REGAL: Recurrence of Endometriosis: A randomised controlled trial of clinical and cost-effectiveness of Gonadotrophin Releasing Hormone Analogues with add-back hormone replacement therapy versus repeat Laparoscopic surgery.

Endometriosis is a common condition which affects one in ten women from puberty to menopause. It occurs when cells like those lining the womb grow outside it, generally within the pelvis. These cells behave like the cells lining the womb, causing internal bleeding at the time of periods, scarring and pain. 
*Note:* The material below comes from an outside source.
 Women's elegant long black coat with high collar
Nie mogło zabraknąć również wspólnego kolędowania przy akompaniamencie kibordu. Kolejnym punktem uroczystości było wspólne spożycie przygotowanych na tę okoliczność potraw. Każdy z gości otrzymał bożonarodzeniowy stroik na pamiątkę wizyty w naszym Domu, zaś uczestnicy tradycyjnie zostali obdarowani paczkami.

Endometriosis is diagnosed by laparoscopy (keyhole surgery) which identifies areas of endometriosis which can then be destroyed or removed. However, surgery rarely provides lasting relief and pain can return in up to half of treated women within five years. To reduce the chance of regrowth of endometriosis and recurrence of pain, women who are not trying to get pregnant are offered the combined oral contraceptive pill or other contraceptives containing hormones called progestogens. Despite this, about one in three women will require more operations to treat endometriosis that has come back.  

Endometriosis depends on the female hormone oestrogen (produced by the ovaries) for growth. Removing the ovaries (often along with the womb) therefore provides the best chance of pain relief and least chance of more operations but is not an option for many premenopausal women with endometriosis.  

A less invasive way of shrinking endometriosis is to use a drug called Gonadotrophin Releasing hormone analogue (GnRHa) which temporarily stops the ovaries from producing oestrogen. While very effective in terms of reducing pain, this treatment has only been used for up to a year because of side effects such as hot flushes and night sweats and concerns about osteoporosis (thinning of the bones). Recent research has shown that adding small doses of hormone replacement therapy (HRT) in women on GNRHa reduces the risk of side effects and osteoporosis whilst controlling the pain. 

REGAL is a randomised controlled trial funded by the NIHR HTA programme.  It aims to recruit 400 women to compare long-term (2-years) GnRHa with added HRT versus further keyhole surgery for the treatment of endometriosis in women who experience recurrence of pain after surgery but wish to preserve their fertility. 

REGAL is led by Dr Lucky Saraswat based at the University of Aberdeen/NHS Grampian.